I'd like to properly account for purchases (e.g. on Amazon).

In most cases, when I purchase an item the merchant sends me the package and only after a couple of days credits my bank account (i.e. withdraws the money from there).

To account for this, on the day I order the item I create a bill as described here, but the problem is the future crediting of my bank account isn't reflected in the process. There are just 2 accounts involved: Debit e.g. Expense:Amazon and credit of Liabilities:Accounts Payable which - of course - reflects the purchase correctly in terms of net assets and profits.

Since I know in advance from which account the merchant will withdraw the money though, it would be great to track this expense also in the bank account from which the money will get withdrawn eventually (e.g. to see if there's enough money in the account during a time period).

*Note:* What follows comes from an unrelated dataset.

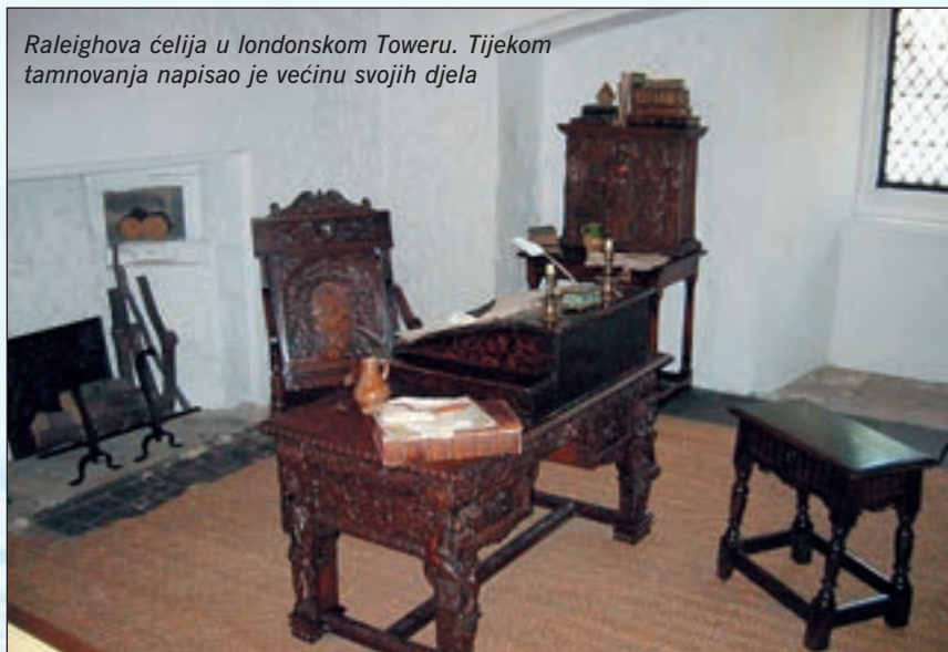
Raleighova ćelija u londonskom Toweru. Tijekom tamnovanja napisao je većinu svojih djela

plijena sa španjolskog broda Madre de Dios.
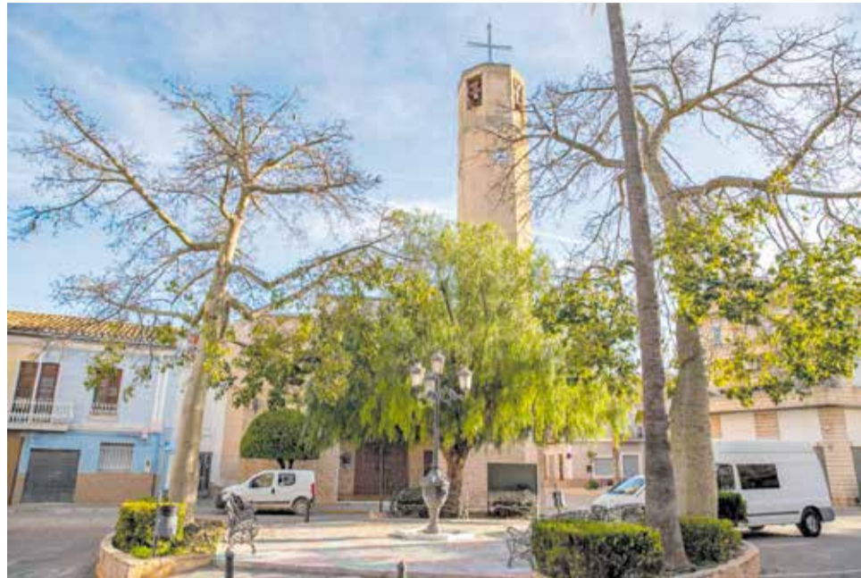
Plaça Major de Casinos.

En l'àmbit musical es distingiran noms com Agustín

How do I reflect a future crediting of a checking account by a bill? Or put otherwise, how can I account for the future transaction which will:

credit CheckingAccount:MerchantsWithdrawsFromHere ->

debit Liabilities:Accounts Payable

and therefore settle the bill?

  • Why do you need to have two separate transactions? Why not debit Amazon and credit CheckingAccount and that's it?
    – littleadv
    Commented Sep 22, 2023 at 17:11
  • Because there is a time span between ordering (inuring the expense) and settling the expense (i.e. paying the liability / money flowing out of my checking account). Doing it in one transaction would mean gnucash would show an outflow at a date where no money has flown yet (if I'd do the transaction at the date I'm ordering) or would show no transaction at all until the withdrawal from the merchant would settle (which would overstate my assets up till that point as the liability already exists). Commented Sep 22, 2023 at 19:25
  • Generally for individual personal accounting either option is fine. I'd suggest going with the one that's easiest (#2 in your comment, since that would reconcile with your bank statement). Alternatively you'll need to enter two transactions, and GnuCash doesn't really have a template for a single transaction with multiple dates and accounts AFAIK. You'll need to do it manually.
    – littleadv
    Commented Sep 22, 2023 at 20:32
  • Maybe you can use the Scheduled Transactions mechanism? I’ve never used it. It might not link the transaction with the bill. Or just use Pay Invoice like usual with a date in the future (and alter the date in retrospect [might not be possible from the GUI, but only if you manipulate the data file]). Another strategy is splitting your CheckingAccount into sub‑accounts CheckingAccount::BookedTransaction and CheckingAccount::AnticipatedTransactions so the balance of CheckingAccount permits you to plan ahead and it is only a matter of transferring money between the sub‑accounts. Commented Oct 9, 2023 at 15:11

1 Answer 1


This answer amalgamates most of the wisdom already imparted in comments.

You have two main options for handling this situation:

  1. Continue to record an Invoice in GnuCash every time that you make an Amazon purchase. Use the GnuCash Pay Invoice function, and specify which bank account is credited, when Amazon deducts money from your account. This process has the advantage that it correctly shows the date when you take on a liability to pay and the date when money leaves your account. The disadvantage, of course, is that it's a fair amount of work for comparatively little gain, assuming that the money leaves your account only a few days after you placed an order. (This system may be worthwhile, however, if the order and the payment occur in different reporting periods, and this is significant for some reason.)

  2. Adopt a simplified approach in which you record the deduction from your bank account notionally on the date on which you placed an order (and incurred a liability to pay). This means that your GnuCash "bank balance" will temporarily be different to that reported by your bank - but there is an easy way to account for this in GnuCash if you have to perform a bank reconciliation. The advantages of this process are (a) it's easy! and (b) it immediately allows you "to see if there's enough money in the account during a time period". GnuCash will show a bank balance of Uncommitted Funds which is the amount that's actually available to spend after known liabilities are taken into account.

Unless there's a particular reason to go with option 1, option 2 is good enough for personal accounting and actually meets one of your specified criteria.